Five terms this model depends on
These terms carry specific meanings throughout this paper. Where they diverge from common usage, the divergence is intentional.
Protocol
A coordination mechanism that specifies in advance how actors behave at a handoff point, without requiring shared goals or central enforcement. Distinct from policy (requires central enforcement to function) and process (describes sequence, not coordination across actors with different goals).
Governance
The set of protocols through which an organization decides which AI outputs to accept, verify, or reject. Distinct from compliance (adherence to external standards) and oversight (monitoring after the fact, not designing the handoff).
Uncertainty
The irreducible non-determinism of AI outputs — same input, different output, failure distribution not fully characterizable in advance.
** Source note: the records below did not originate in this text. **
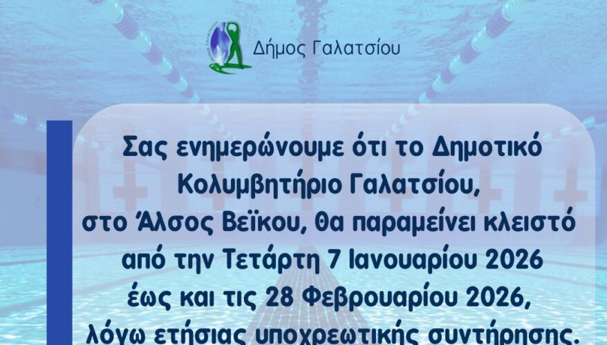 Σας ενημερώνουμε ότι το Δημοτικό Κολυμβητήριο Γαλατσίου, στο Άλσος Βεΐκου, θα παραμείνει κλειστό από την Τετάρτη 7 Ιανουαρίου 2026 έως και τις 28 Φεβρουαρίου 2026, λόγω της ετήσιας υποχρεωτικής συντήρησης των εγκαταστάσεων.
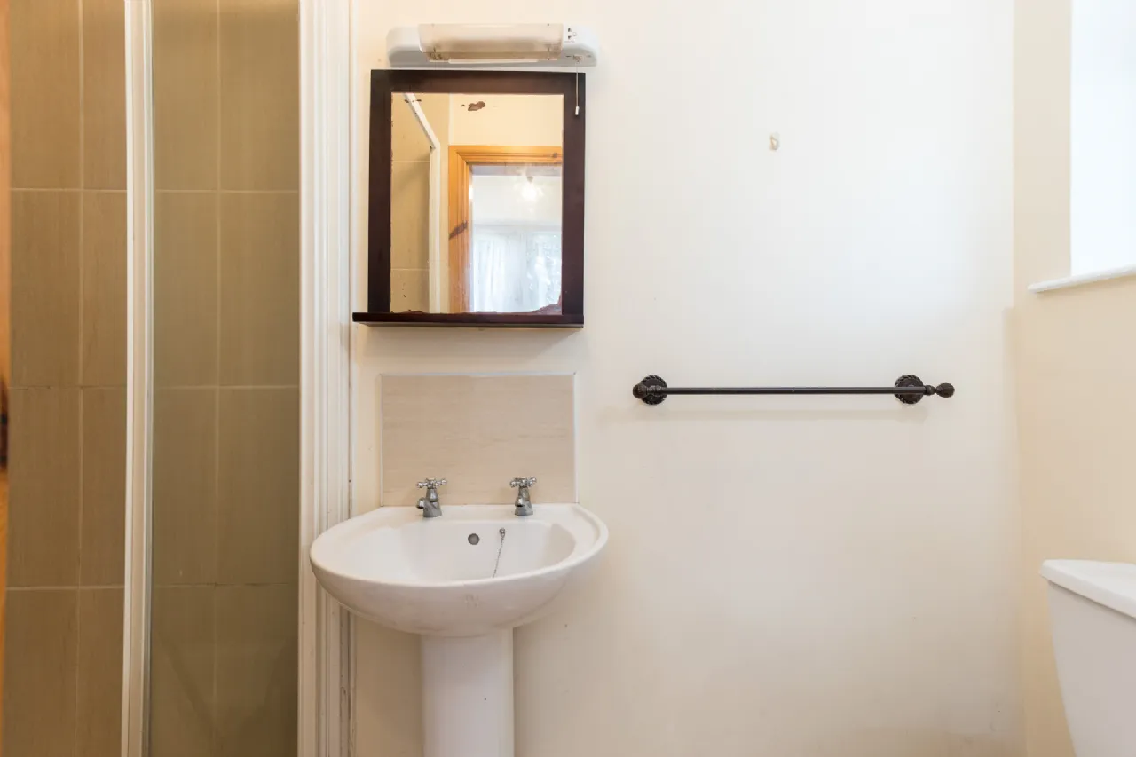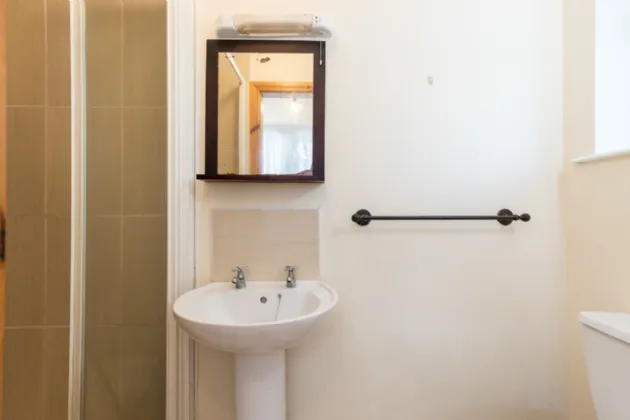 Guest W.C. 0.88m x 2.44m tile flooring and shower, shower, WC, wash hand basin
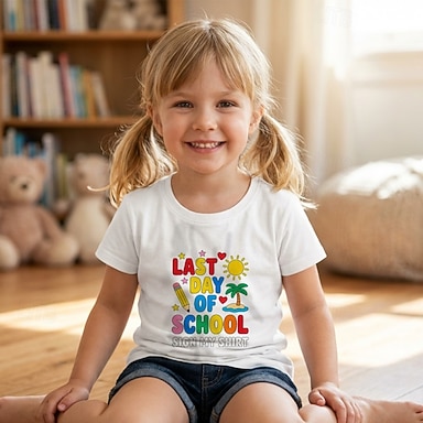 100% Cotone Bambini Ragazze Bianco Grafico Albero di Cocco Lettera Maglietta Girocollo Manica Corta Vacanza Sport & Outdoor Abbigliamento Quotidiano Vacanza Moda Casual Stampa Estate
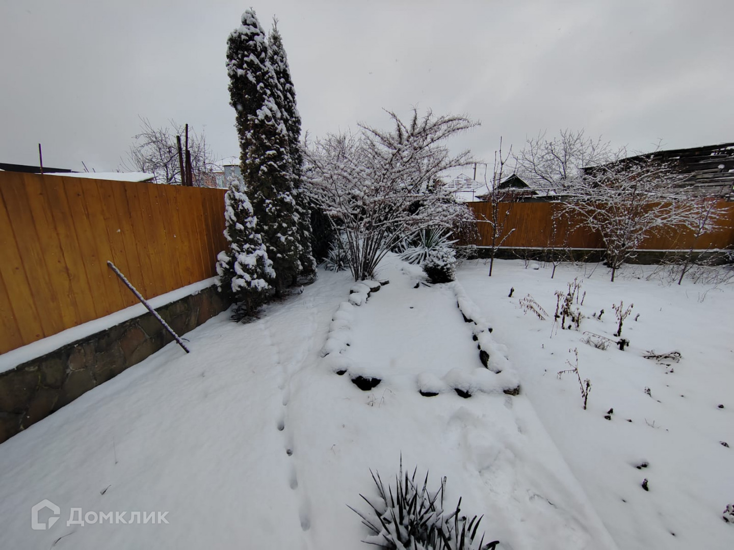 В саду несколько фруктовых деревьев маленький пруд в котором плавают караси и водопадик навес где по утрам можно пить кофе.
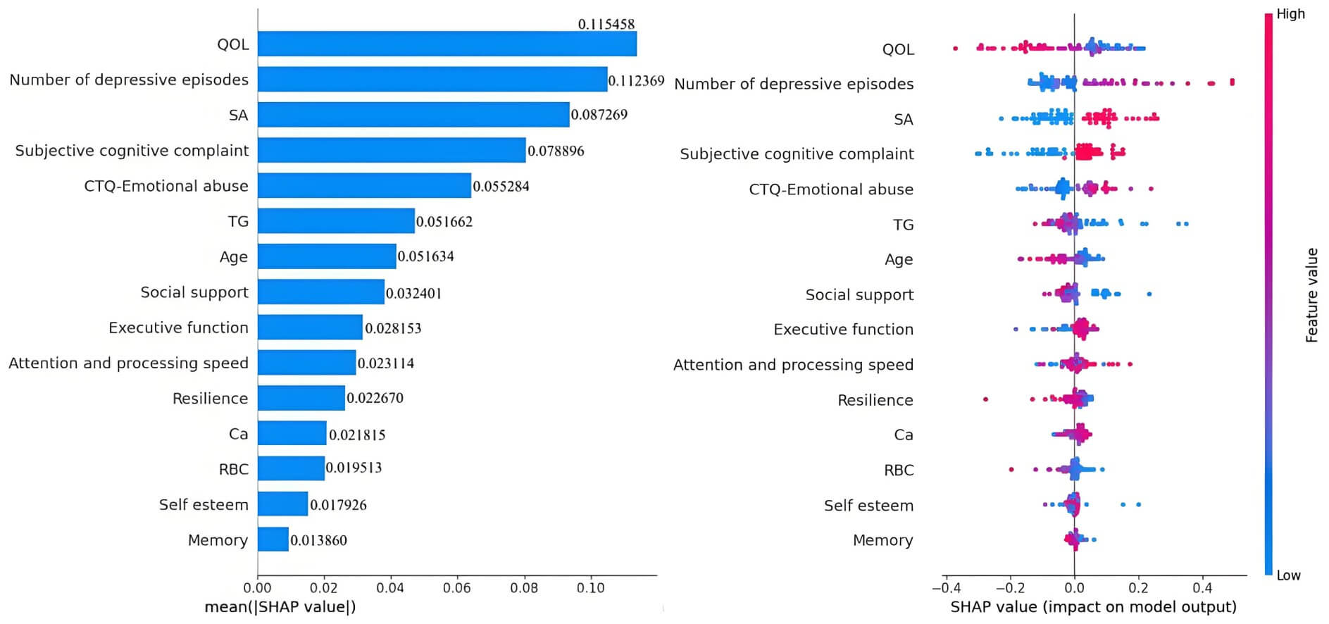 The feature importance analysis of the RF model is shown in Fig. 3. QoL was identified as the paramount predictor of SI, followed by the number of depressive episodes, history of SAs, subjective cognitive complaints, emotional abuse from childhood trauma, TG level, age, social support, objective cognitive functioning, resilience, self-esteem, Ca2+ level, and RBC count.
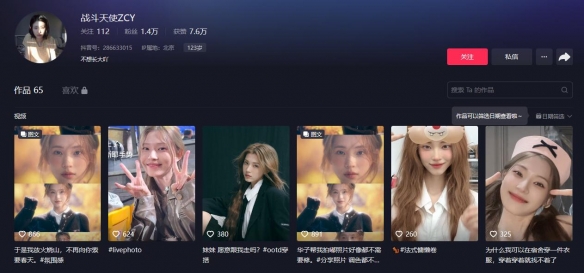 4、抖音名字叫战斗天使zcy,抖音号为286633015。
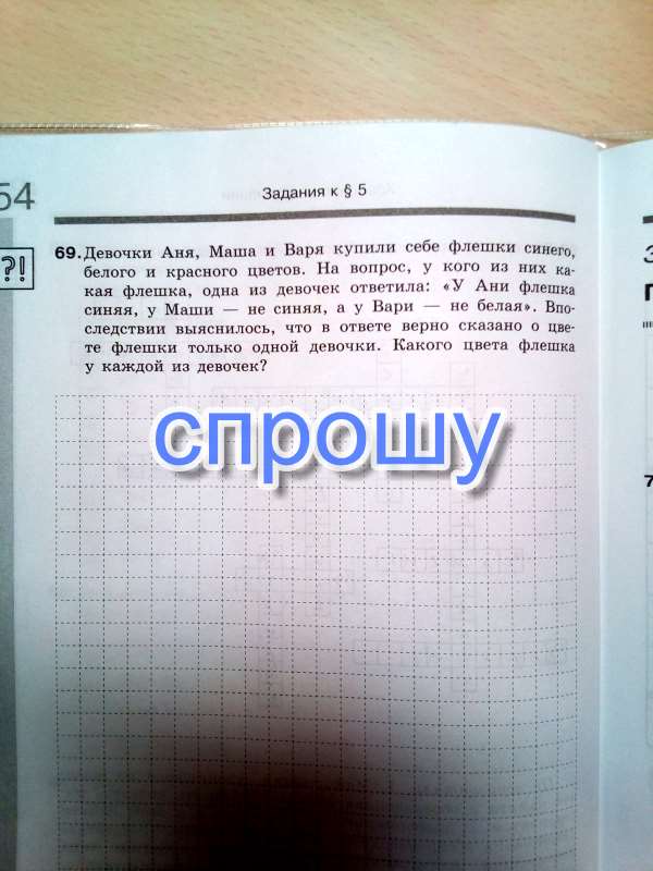 Девочки Аня, Маша и Варя купили себе флешки синего, белого и красного цветов. На вопрос, у кого из них какая флешка, одна из девочек ответила: "У Ани флешка синяя, у Маши- не синяя, а у Вари- не белая." Впоследствии выяснилось, что в ответе верно сказано о цвете флешки только одной девочки. Какого цвета флешка у каждой из девочек?
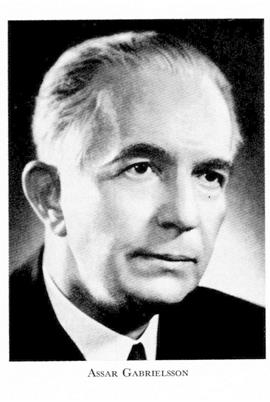 Gabrielsson, Assar Thorvald Natanael, f 13 aug 1891 i Korsberga (Skar), d 28 maj 1962 i Gbg (Vasa). Föräldrar: förvaltaren Gabriel Nathanael G o Anna Helmina Larsson. Mogenhetsex vid N latinlärov i Sthlm 1909, studier vid Handelshögskolan där, civilekonom där 14 okt 1911, kanslist o stenograf i AK 1912–16, anställd vid ab Sv kullagerfabriken (SKF) i Gbg 1916–20, verkst dir för SKF:s franska bolag i Paris (Société Anonyme de Roulements à billes) 1920–22, försäljn:dir vid SKF i Gbg 1923–26, verkst dir vid ab Volvo där 10 aug 1926–1956 (styr:led 1926, ordf från 1956), led av stadsfullm 1931–34, av arbetslöshetskommittén 1931–33, av polisnämnden 1932–38, allt i Gbg, administratör i Sv tändsticksab i Jönköping 1932, expert vid utredn om beredskapsåtgärder till skydd för den inhemska industrin 1933–34, led av 1934 års vägtrafiksakk 1934–35, av kommissionen för ekon försvarsberedskap 1937–39, av soc försvarsberedskapskommittén 1939–41, av handelskammaren i Gbg 1939–61, av styr för Handelshögskolan där från 1944, av styr för Skandinaviska kreditab 1945–56, av järnvägsrådet 1947, världspresident i Comité International de l'Organisation Scientifique 1947–51, ordf i styr för ab Götaverken 1957. – RNO 1932, KVO2kl 1935, LIVA 1945, KVO1kl 1952, LVVS 1956, HedLIVA s å, KmstkNO 1957, ekon hedersdr vid Handelshögskolan i Sthlm 1959.
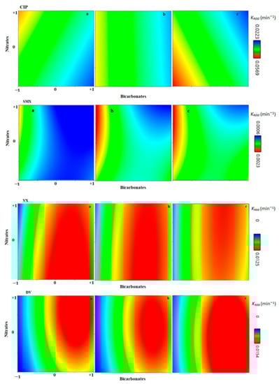 Surface graphs of kapp for CIP, SMX, VX, and DV. X-axis: coded bicarbonates; Y-axis: coded nitrates; a, b, and c of each row represents humic acids coded values of −1, 0, and +1, respectively.
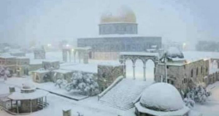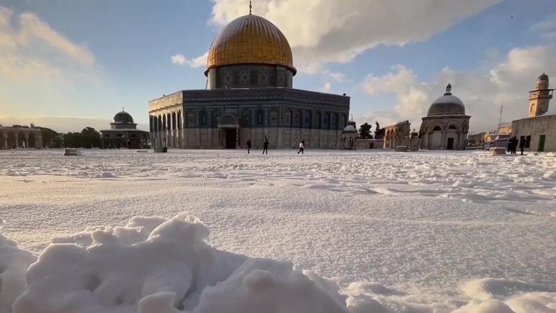 وتدفق فلسطينيون إلى المسجد الأقصى لالتقاط صور تذكارية، في ساحاته المغطاة بالثلج، فيما أغلقت المدارس أبوابها، وتوقفت حركة المواصلات العامة، بين الأحياء، في المدينة.
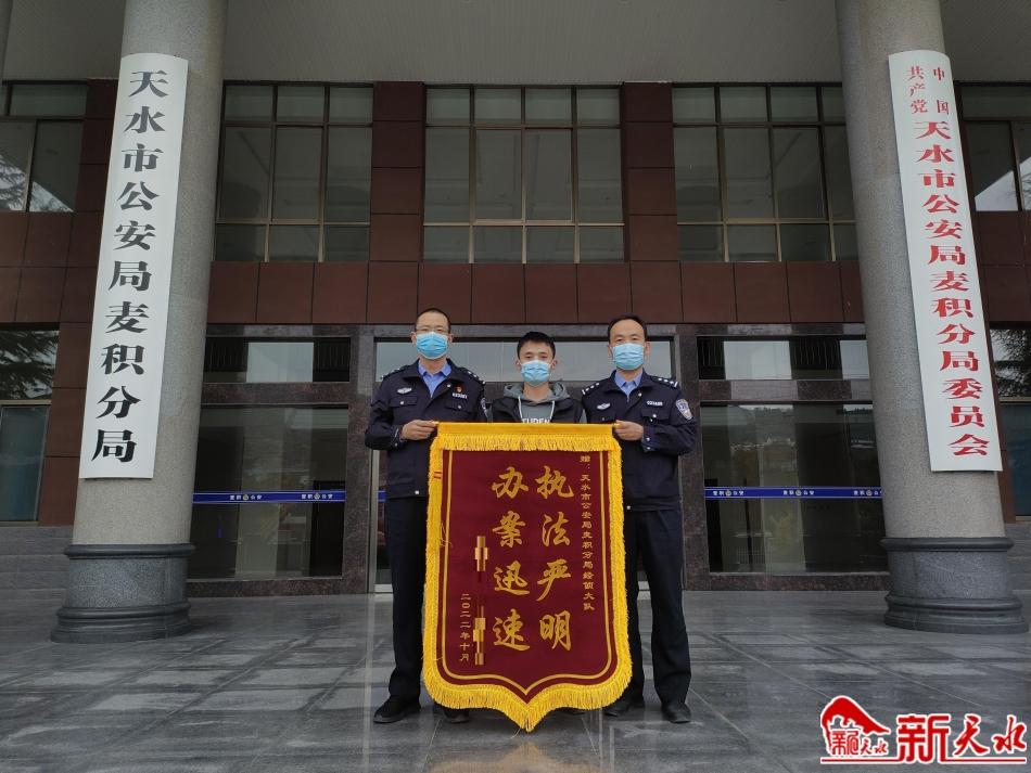 10月25日,該公司法定代表人楊某將一面印有“執(zhí)法嚴(yán)明 辦案迅速”的錦旗送到麥積公安分局經(jīng)偵大隊(duì)民警手中,再次對民警迅速破案,及時幫其挽回經(jīng)濟(jì)損失表示感謝。
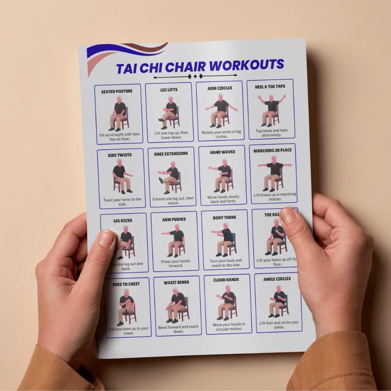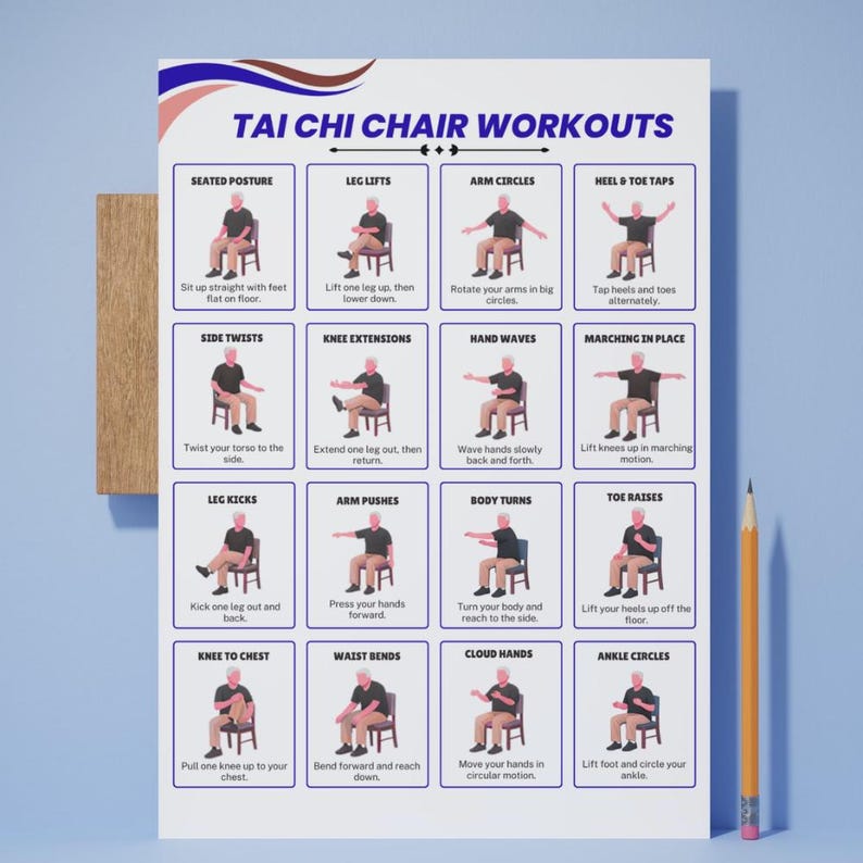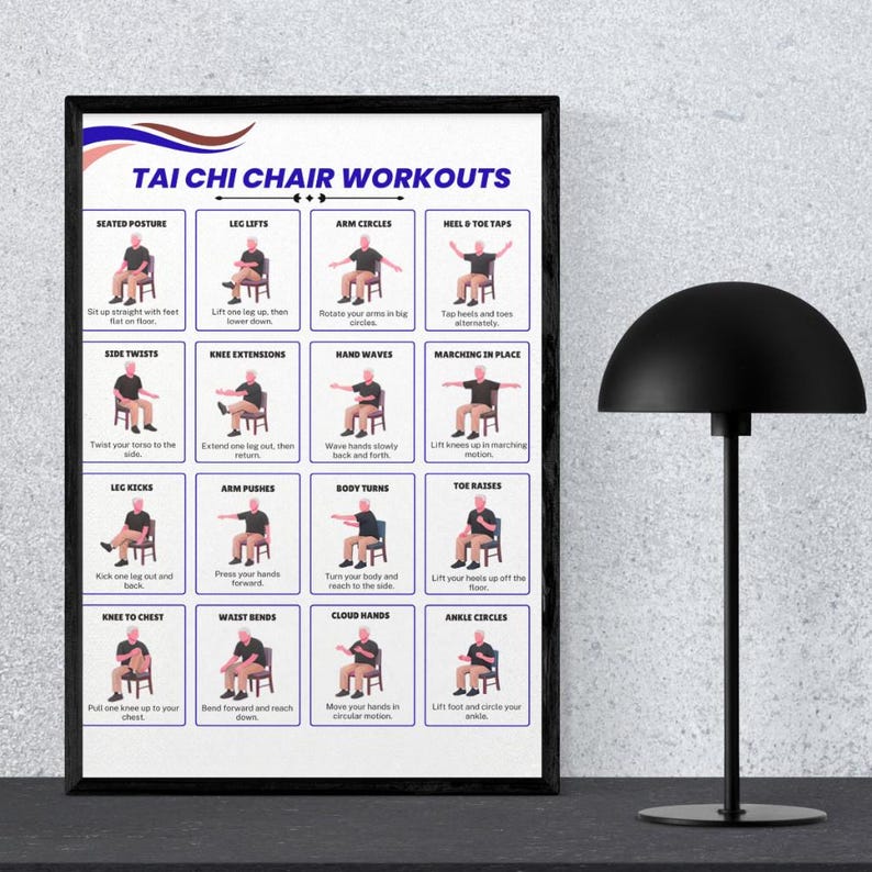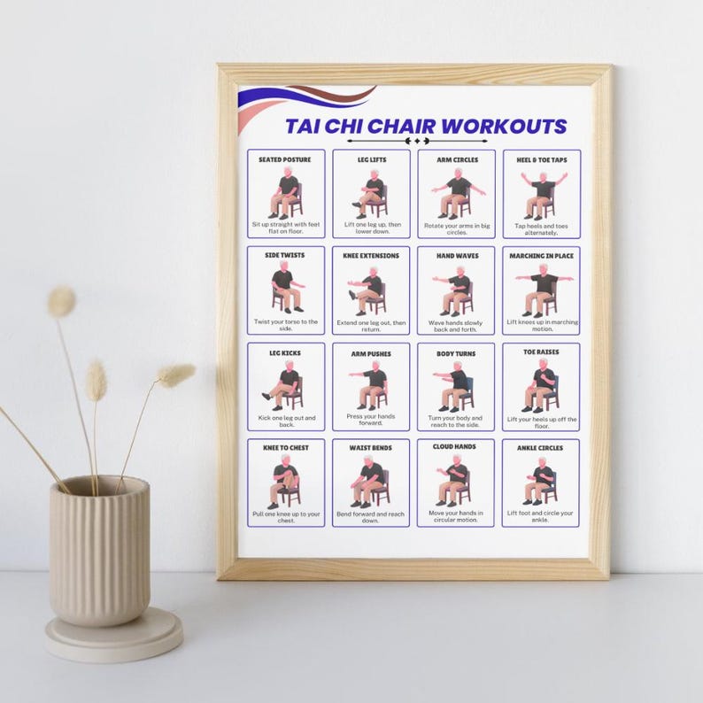 Tai Chi Chair Workouts Poster, Seated Exercise Chart, Low Impact Fitness Art

Distinct from risk (calculable probability) and error (implies a definable correct answer). Governing uncertainty requires protocol design; governing risk requires probability management.
Maturity
The precision with which an organization's governing protocols specify the boundary between AI autonomy and human judgment. A property of coordination design, not of tools, adoption rate, or compliance coverage.
Bottleneck
The function where the gap between AI exposure and protocol precision is largest and highest-stakes. The bottleneck constrains the organization's effective governance level regardless of how mature other functions are. Identifying the bottleneck is the primary diagnostic task.